Через какое-то время Беннет Пэтчет прислал по электронной почте список бывших сослуживцев Дэмиена, присутствовавших на его похоронах. Первыми в нем значились Вернон и Причард. В примечании Беннет указал, что не уверен в правильности написания этих двух фамилий. Он также добавил, что, к сожалению, не помнит всех, потому что некоторые не оставили записей в книге соболезнований и не все представились ему лично, но, по его мнению, всего их было не меньше дюжины.
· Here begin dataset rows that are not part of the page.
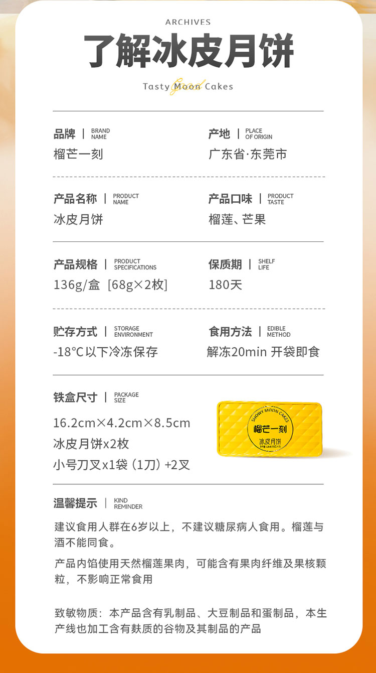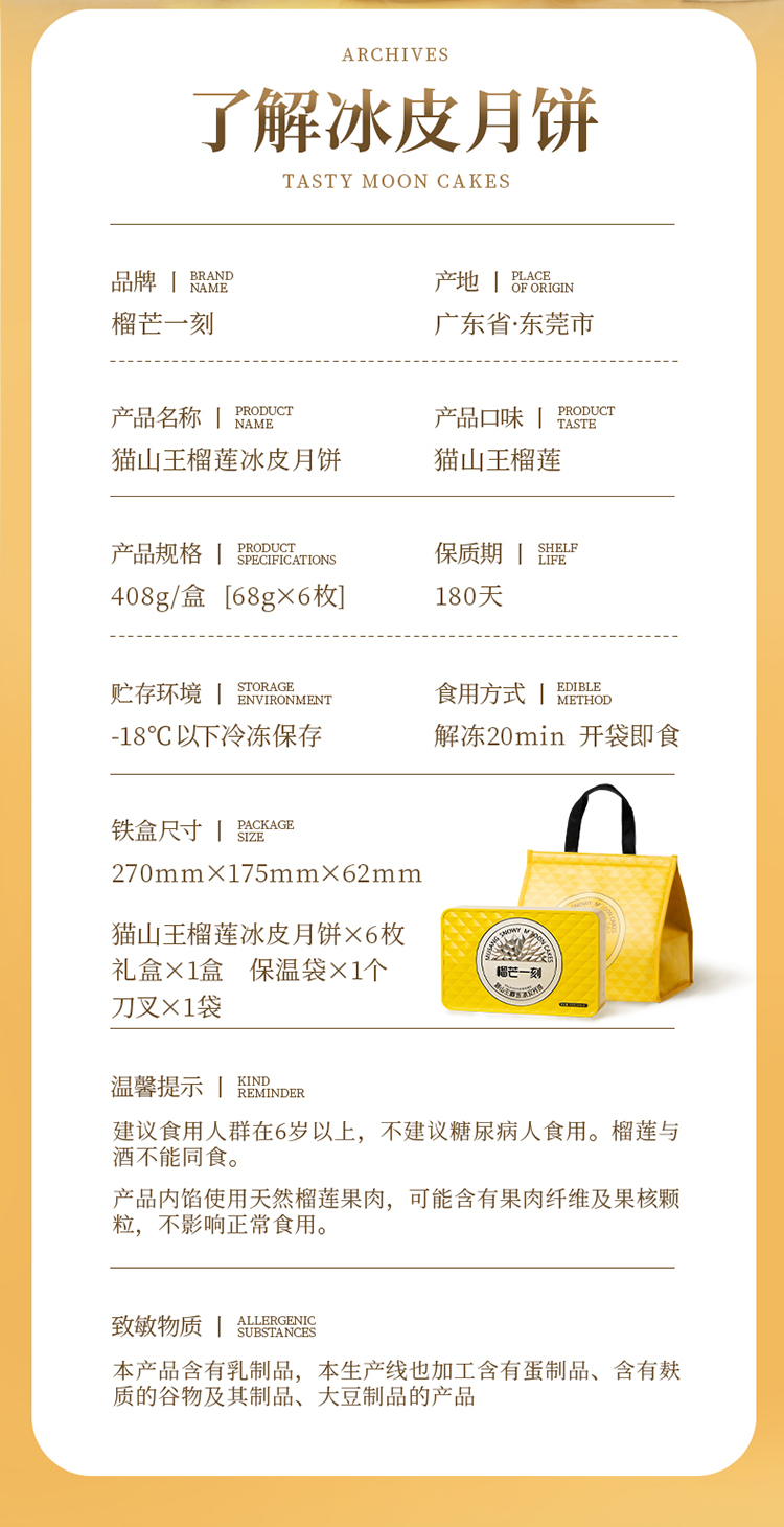 【真榴莲真果肉!】榴芒一刻冰皮月饼 爆浆水果榴莲口味 软糯冰皮入口清甜 广式流心月饼中秋送礼佳品 多口味可选
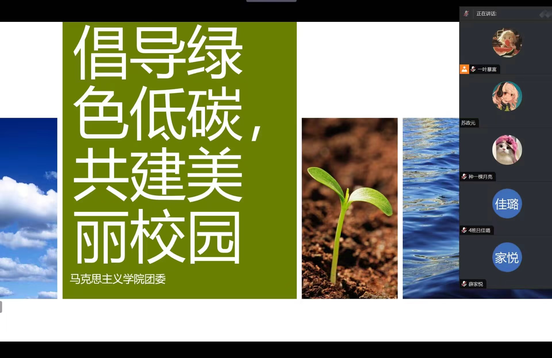 节约低碳新风尚,绿色环保我先行。活动围绕“节约资源”“保护环境”“绿色低碳”“生态文明”等话题进行科普,同学们认真学习,在深刻领会到保护环境的重要性后,通过发放调查问卷,就当代老员工的环保知识水平、环保意识、校园内的环境污染现象展开调查。报告结果显示,大部分参与调研的人员对绿色环保概念有一定程度了解。但绿化带破坏、白色污染、水资源浪费等问题仍存在于校园中,青年员工的环保意识仍需提高,校园环保工作面临诸多挑战。交流环节中,同学们积极表达自己的观点,在绿化保护、节约资源、垃圾分类、宣传教育等方面提出许多创新性建议,为建设美丽校园贡献一份力量。
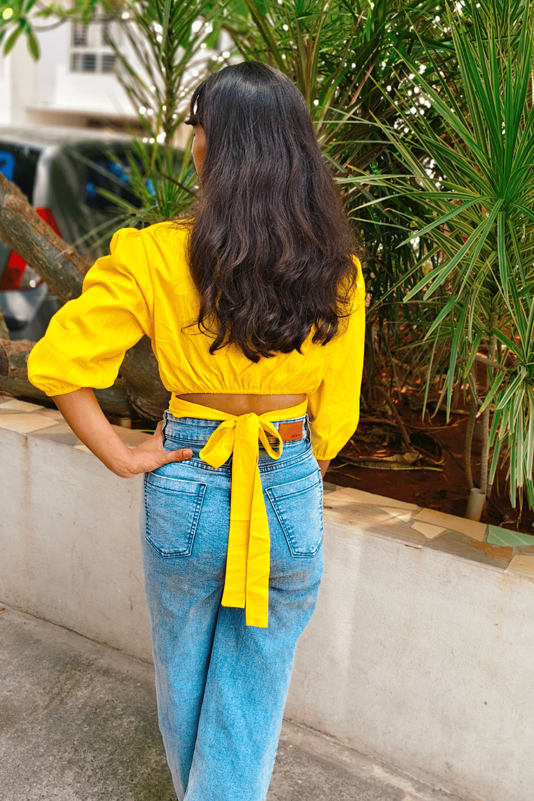 Yellow Puff Sleeve Crop Top with Lace Detailing
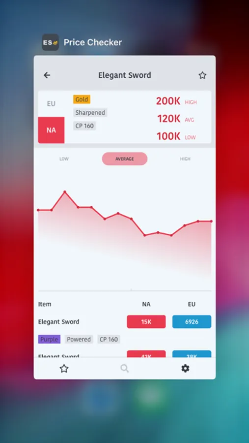 Know the current average price, lowest and highest price that items are selling for whenever you need.
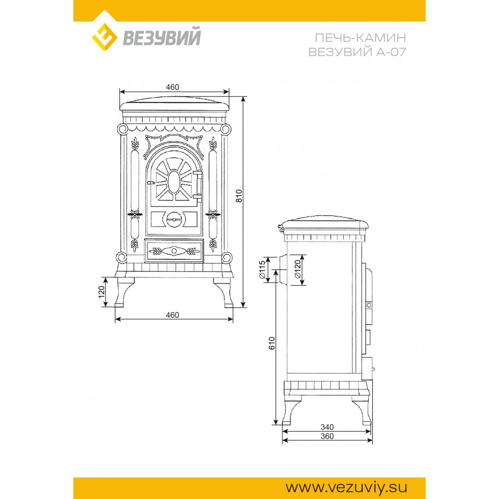 Заказать и приобрести Чугунная ПЕЧЬ-КАМИН Везувий А-07 "Медь" от производителя Везувий
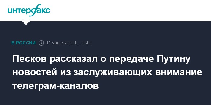 Москва. 11 января. INTERFAX.RU - Президенту РФ Владимиру Путину докладывают о новостях из телеграм-каналов, но только из тех, которые заслуживают внимания, сообщил журналистам в четверг пресс-секретарь главы государства Дмитрий Песков.
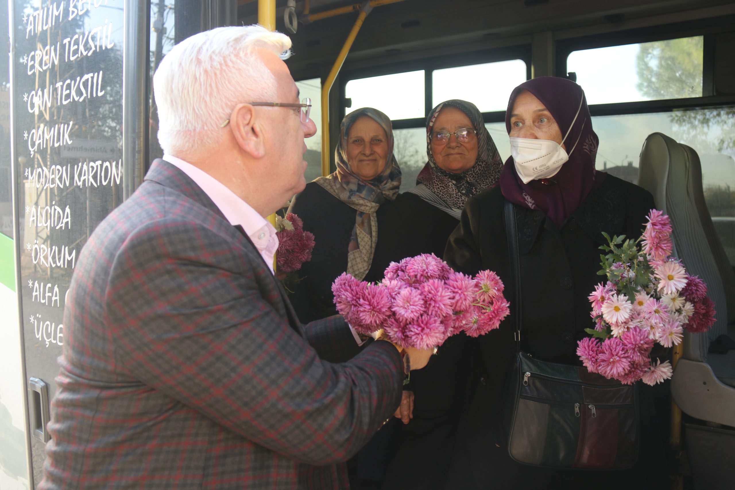 Ergene Belediye Başkanı Rasim Yüksel’in İğneler mahallesinde gerçekleştirdiği ziyaret sırasında halk otobüsü ile Pınarbaşı mahallesine gitmekte olan vatandaşlar halk otobüsünü durdurup otobüsten başkan Rasim Yüksel’e çiçek takdim ederek, sevgi gösterisinde bulundular.

Беннет вспомнил женщину – ее звали Кэрри Сандерс, – занимавшуюся делами ветеранов, но не контактировавшую, насколько ему известно, с Дэмиеном напрямую. Присутствовал в списке и Бобби Жандро – из-за полученных в Ираке ранений он был в инвалидном кресле. Бобби числился и в моем списке тех, с кем я намеревался потолковать по прибытии подкрепления из Нью-Йорка.
– Среди присутствовавших на похоронах были чернокожие? – спросил я.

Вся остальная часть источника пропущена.